Thursday 19 January 2017

Sucky communication day

Early morning positivity-
So today morning, i just felt so well rested, a tad too much. But i readied up real good and quick. I was fairly in time today. Good morning.

Attacking her food. Not conversing well.-
A funny incidence today, i attacked a colleague's in the most awkward way. I wanted another sandwich. But i was too shy to open another one. I sat there thinking what to say or do. And then without asking or saying anything, i just took her sandwich. Why couldn't i just say i wanted another one.
I also feel my formal talk was uncomfortable. Needs work.

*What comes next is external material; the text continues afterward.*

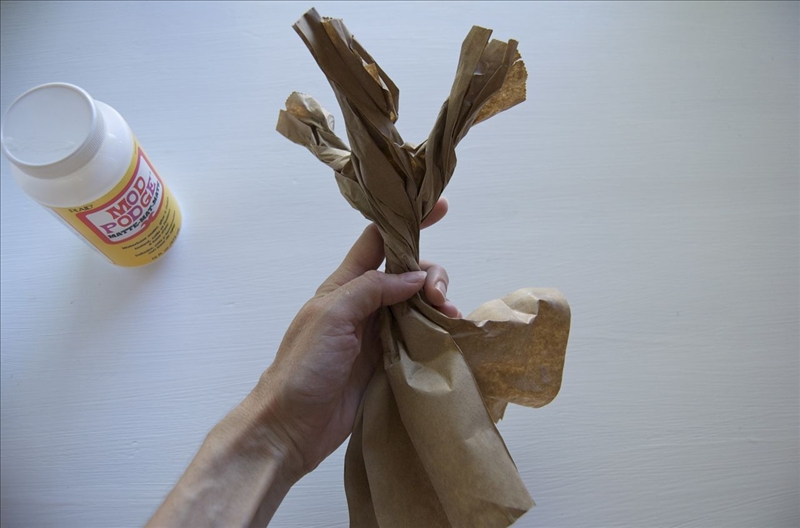 Сделайте ствол дерева. Перекрутите нижнюю часть пакета до сделанной ранее метке. Донышко пакета сформирует более широкое основание дерева, а в области метки бумага должна быть скручена достаточно туго.
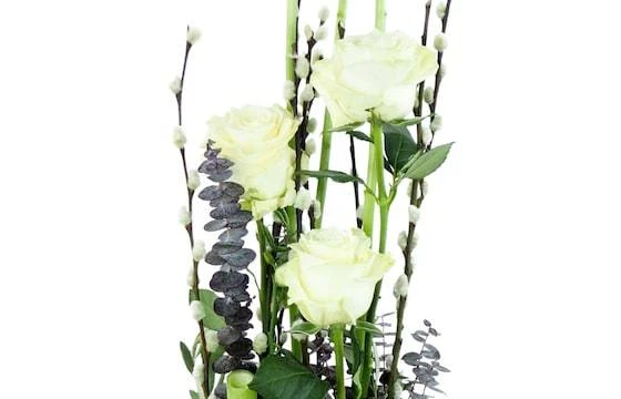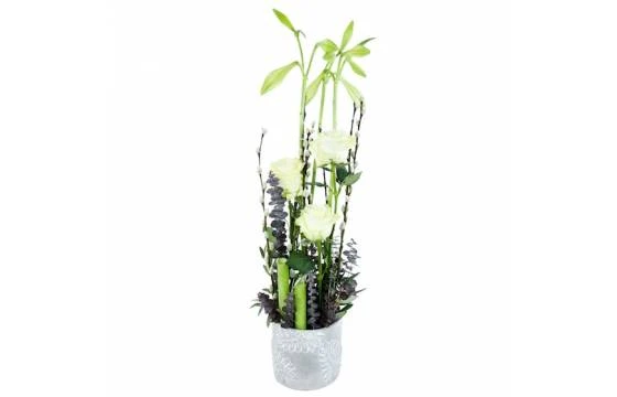 Détail de la composition: Assemblage de fleurs en hauteur blanc et vert. Composé de rose, lys, eucalyptus, chaton et diverse feuillage. Le tout piqué dans un contenant en céramique gris. (Fleurs et contenant variables selon les saisons et la disponibilité en magasin tout en gardant l’esprit, la forme et les couleurs). (Ref Florale : 2314 – Philadelphie). Visuel non contractuel – Visuel correspondant à la formule Meilleur Compromis.

Defying plus following orders and killing my wish-
Again, instead of speaking up, i just awkwardly drifted around. All i had to do was relay orders and ask for what i wanted. Silly little me.

Case confidence-
I really feel like i do cases really well now. Confident.

It's amazing how you just naturally comfortable with certain people and naturally uncomfortable with some.

Just wondering whether to speak out. I do this so much. Instead of just speaking out. I keep thinking. I need to start being clear in my head. Breathe. Think about what i am thinking. Be clear. Speak up.

Taking my time out in the afternoon felt real good. I realized that too long in a place puts me in a rut. And i can't do anything ahead. I need me my change.

He wasn't there. Yes, him, Valentin. I expected him to be. I was curious as to how our encounter would be. But it didn't happen. It made me feel, nothing. I just wondered where he was.

Not communicating clearly with my colleague clearly. I made him feel like i was uncooperative, even though i wasn't. I also couldn't ask him to do some stuff. I just didn't know how to ask.

Making good decisions like handling juniors. Achievement points.

Need to establish rapport with guide. Really. It will be beneficial to me.

Realizing the need to read more and more. I am so far behind.

Not being able to have tea alone. Why...
Not being able to ask for tea. This would the sixth communication mistake i made today. Really?!
Wasting time...everybody's...because i couldn't have tea alone.

Being naughty about diet. I ate oily food. But i craved it. Wondering about dinner.

Decisions about dinner and gym. I think too much.

Just taking control of my evening subsequently. Felt good. Feels good.